Parental Alienation Syndrome (PAS) is an abnormal psychological condition in a child which adversely impacts the child’s relationship with a (target) parent in a number of clearly identifiable and dysfunctional ways and the causes of the disorder can be reasonably traced back to the actions, behaviours and decision-making of a person(s) who are interfering with the child’s relationship with the (target) parent. It is one of the most damaging outcomes affecting children as a result of exposure to HAP. The most common symptom of children affected by PAS is their severe opposition to contact with one parent and/or overt hatred toward such parent when there is little and often, no logical reason to explain the child’s behaviour. The effects of PAS can last well into adulthood and may last for a lifetime with tragic consequences.


PAS is usually related to highly litigious court cases where there is a “destroy to win or the end justifies the means” mentality. Alienating parents are driven by the overriding need for power, influence, domination and control. They have no internal conflict, because they truly believe they are right. If a problem arises, it is always someone else’s fault.


Alienating parents find it easy to misuse the law because some family courts do not use mental health experts to assess the psychological underpinnings. If psychological evaluations are conducted on the alienating parent, they often reveal the “borderline, narcissistic, or hysterical personality” disorder. Although they may know how to act the part, they do not have empathy, sympathy or compassion for others. Unlike rational people, they do not distinguish between telling the truth and lying. Alienating parents know that sanctions of fines, jail time, or community service are seldom applied to those held in contempt of visitation orders and hence cases are dragged for years. This jeopardizes the child’s relationship with the target parent, and allows the alienating parents the advantage to continue alienating.

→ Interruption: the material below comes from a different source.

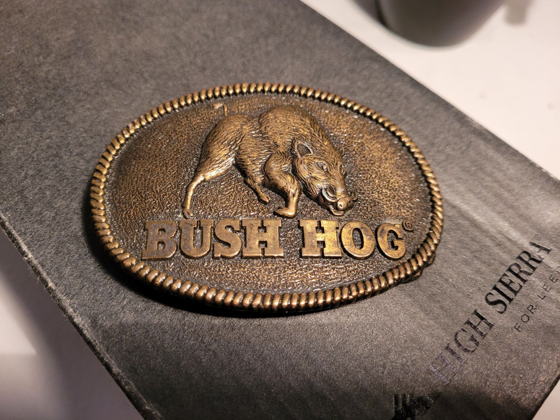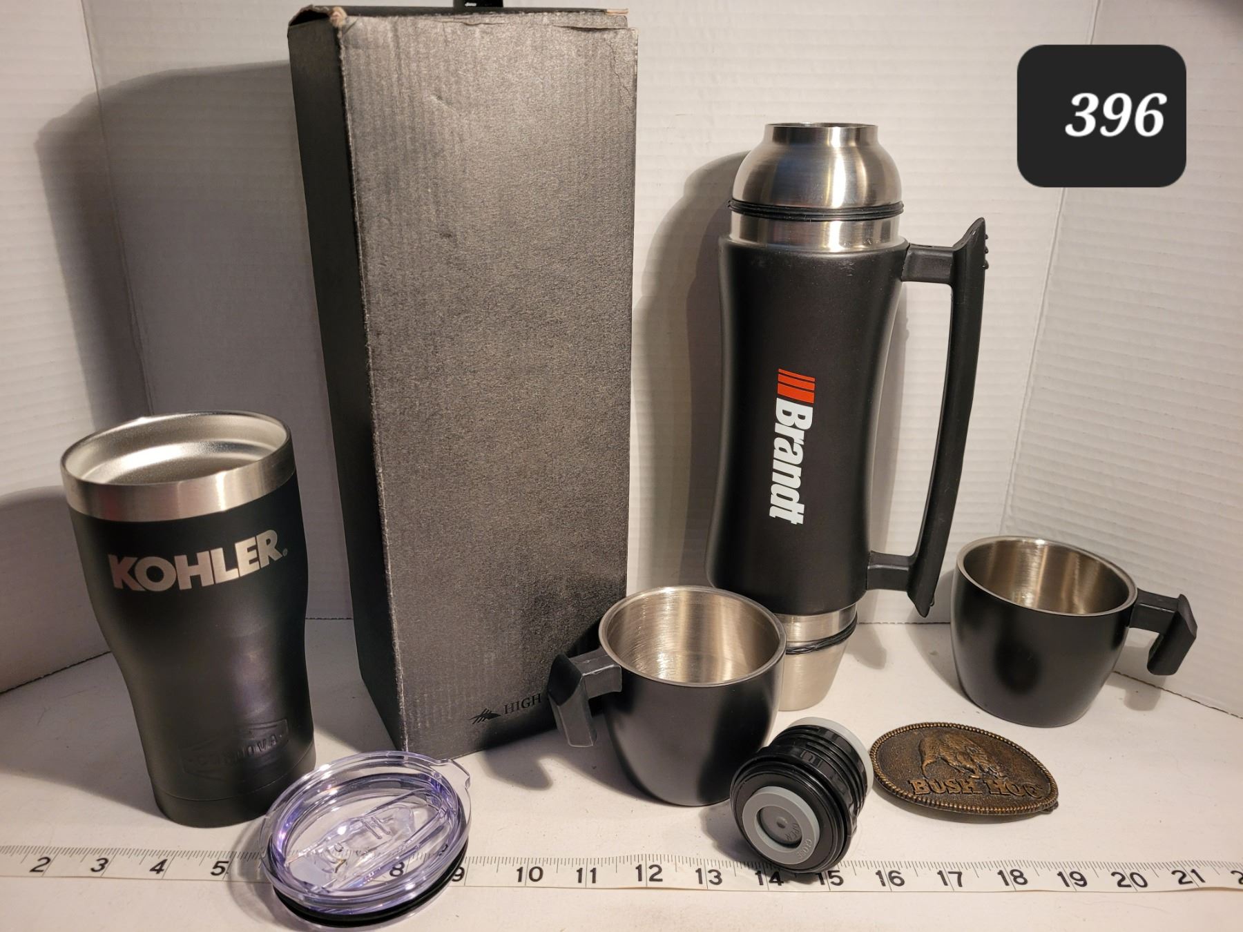 New High Sierra double cup thermos, coffee to go mug & a Bush Hog belt buckle

The emotional cost of PAS is excessive to the target parent. Legal intervention is a must to remove the alienated child from the custody of the alienating parent, set boundaries for the alienating parent, and have the alienated child deprogrammed by a child psychologist. Without legal intervention, alienated children lose their ability and free will to make rational choices over their lives, experience serious psychiatric disorders, have poor social relationships, and of course pass the problem on to their children.


Dr Roma Kumar
Clinical Psychologist, Sir Ganga RamHospital (
Delhi)

“Nothing stirs up passions more than tile controversy generated when parents are at war over the custody of a child.”


The parental alienation syndrome (PAS) is a disorder that arises primarily in the context of child-custody disputes. It’s primary manifestation is the child's campaign of denigration against a parent, a campaign that has no justification. It results from the combination of a programming (brainwashing) parent's indoctrinations and the child's own contributions to the vilification of the target parent. Basically, this means that through verbal and non-verbal thoughts, actions and mannerisms, a child is emotionally abused (brainwashed) into thinking that the other parent is the enemy. PAS is more than brainwashing or programming, because the child has to actually participate in the denigrating of the alienated parent. This is done in primarily the following eight ways:


(i) The child denigrates the alienated parent with foul language and severe oppositional behavior.

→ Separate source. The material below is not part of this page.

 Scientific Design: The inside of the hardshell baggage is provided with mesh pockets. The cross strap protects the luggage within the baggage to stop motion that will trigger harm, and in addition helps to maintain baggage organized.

(ii) The child offers weak, absurd, or frivolous reasons for his or her anger.

(iii) The child is sure of him or herself and doesn't demonstrate ambivalence. i.e. love and hate for the alienated parent, only hate.

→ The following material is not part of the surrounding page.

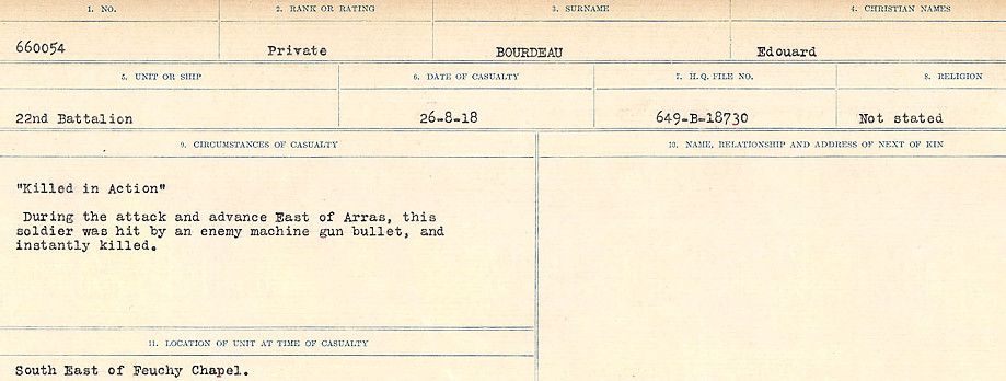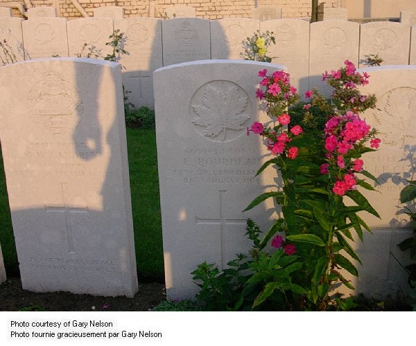 Enlisted for the first time on 25 February 1915 with the 41st Battalion, Canadian Expeditionary Force, regimental number 416443, he stated that he had been born on 10 September 1890. On 31 December 1915, he enlisted again with the 163rd Battalion, regimental number 660054, stating that he had been born on 10 September 1891. On an unknown date, he was sent to Bermuda until 18 November 1916, when he went to Halifax, Nova Scotia. Arriving in England on 6 December of the same year, he was posted to the 10th Reserve Battalion on 7 January 1917, then to the 150th Battalion on 26 February 1917. He was transferred to the 22nd Battalion on 20 April. On 30 May 1917, he was wounded in action in France. On 15 August 1917, he was gassed. From 28 October to 17 November 1917, he was posted to the Canadian Corps Reinforcement Camp and returned to the 22nd Battalion. On 8 April 1918, he was gassed again in France. On 28 May, he returned to the front line. He was killed in action on 26 August 1918 at Beaurains near Arras, France.

(iv) The child exhorts that he or she alone came up with ideas of denigration. The "independent-thinker" phenomenon is where the child asserts that no one told him to do this.

(v) The child supports and feels a need to protect the alienating parent.

(vi) The child does not demonstrate guilt over cruelty towards the alienated parent.


(vii) The child uses borrowed scenarios, or vividly describes situations that he or she could not have experienced.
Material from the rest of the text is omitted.